Insights into Predictive Analytics

For the best results, use the Data Insights prompts above first.

►   Based on this data set, what could be trends in DS-TB confirmed numbers / DS-TB Treatment Initiation numbers for the Next Quarter / Next Year.

The prompts and examples below are based on a DHIS Data Export for DS-TB.

Be sure to use the indicators and descriptions as they appear in your data set.

PROGRAMME STRATEGY

Once data has been analysed and interpreted, ChatGPT can also assist in addressing gaps and strategizing to improve TB Programme performance.

Programme Strategy Prompts

►   Based on the findings, indicate which interventions may improve TB programme performance in the Districts.

►   Indicate how the Screening Rate / TB Test Rate / Treatment Start Rate / TB Programme Performance can be improved in District X / Districts / District X and Y.

►   List ways in which the Screening Rate >100% can be addressed.

►   Indicate what the barriers to TB Programme performance are in the Districts / Province / District X.

►   List ways in which the barriers to the TB Programme can be addressed in District / Province / District X.

►   Indicate how the population demographics in District / Province impacts access to healthcare.

►   Indicate ways TB Case Finding can be optimized in District / Province / District X.

  • Calculating Proportions
  • Sorting Data
  • Presenting Data

The prompts and examples below are based on an EDR Web Data Export.

Be sure to use the indicators and descriptions as they appear in your data set.

PLEASE NOTE: When using Patient level data, it is critical that Patient Identifying Information (e.g.
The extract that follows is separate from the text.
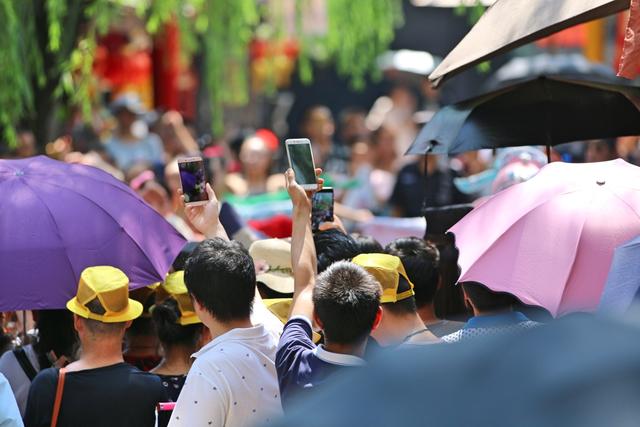 不一会儿,这些穿越快闪秀的古装演员们在街道上载歌载舞,很多人迅速围上来,便把我们挤在了一边。听着快节奏的音乐,闺女一边吃糖,一边看的不亦乐乎。

Names) are removed and the data is anonymized.

DATA AGGREGATION

Collecting data into a summary form to allow further analysis.

Before starting, request ChatGPT to review the data by giving a prompt such as:

►   Describe the dataset.

Calculations

►   Calculate proportions as a % for the following DR-TB indicators per District / Facility:

o   HIV positive status

o   Gender

o   Age < 5 years

o   Age > 65 years

o   Patient category: New

o   Patient category: previous first line treatment

o   Patient category: previous second line treatment

o   Pulmonary TB

o   Extrapulmonary TB

o   BMI under 18.5

o   RR-TB

o   MDR-TB

o   XDR-TB

o   Short Regimen

o   Long / Individualised Regimen

►   Display the results in a table. Include raw numbers and proportion as %.

o   Example: Calculate the proportion of HIV positive and Extrapulmonary TB for each DR-TB District. Display the results in a table and include raw numbers and proportion as %.

►   Indicate HIV status distribution by Age Group in each District. Display the results in a table including proportions as % and raw numbers.

o   Example: Create a variable called “Treatment Success” by adding Cured and Treatment Completed outcomes.

►   Calculate Treatment Success Rate for each DR-TB District. Rank the DR-TB Districts by Treatment Success Rate. Display the results in a table including rates as % and raw numbers.

o   Example: Display the numbers and proportions of each Final Treatment Outcome. Create a variable called “Not Died” by adding the following final Treatment Outcomes: Treatment Completed, Cured, Loss to Follow Up, Treatment Failure, Transferred Out and Moved Out outcomes.

►   Display Treatment Success Rate by HIV Status / Age Group / Gender / BMI <18.5 and BMI ≥18.5 / Regimen Type short or individualised / Patient Category: New, Relapse, Treatment after Lost To Follow Up. Display this in a table. Display this in a graph.

o   Example: Display Treatment Success Rate by Short and Individualized Regimen. Display this in a table and a graph.

o   Example: Display Treatment Success Rate by HIV status. Display this in a table.

o   Example: Display Treatment Success Rate by BMI <18.5 and BMI ≥18.5. Display this in a table.

o   Example: Display Lost To Follow Up Rate by the patient categories New, Previous 1st line Treatment, Previous 2nd line treatment and Previous Lost To Follow Up. Display this in a table.

►   Identify the HIV positive people whose ART start date was after DR-TB treatment start date. Calculate the average time to ART start date.

►   Calculate average Time To Death in days.

►   Calculate average Time To Death by HIV Status.

►   Calculate average time to death for BMI under 18.5 and BMI ≥18.5.

►   Calculate Time To Death by Age under or over 65 years.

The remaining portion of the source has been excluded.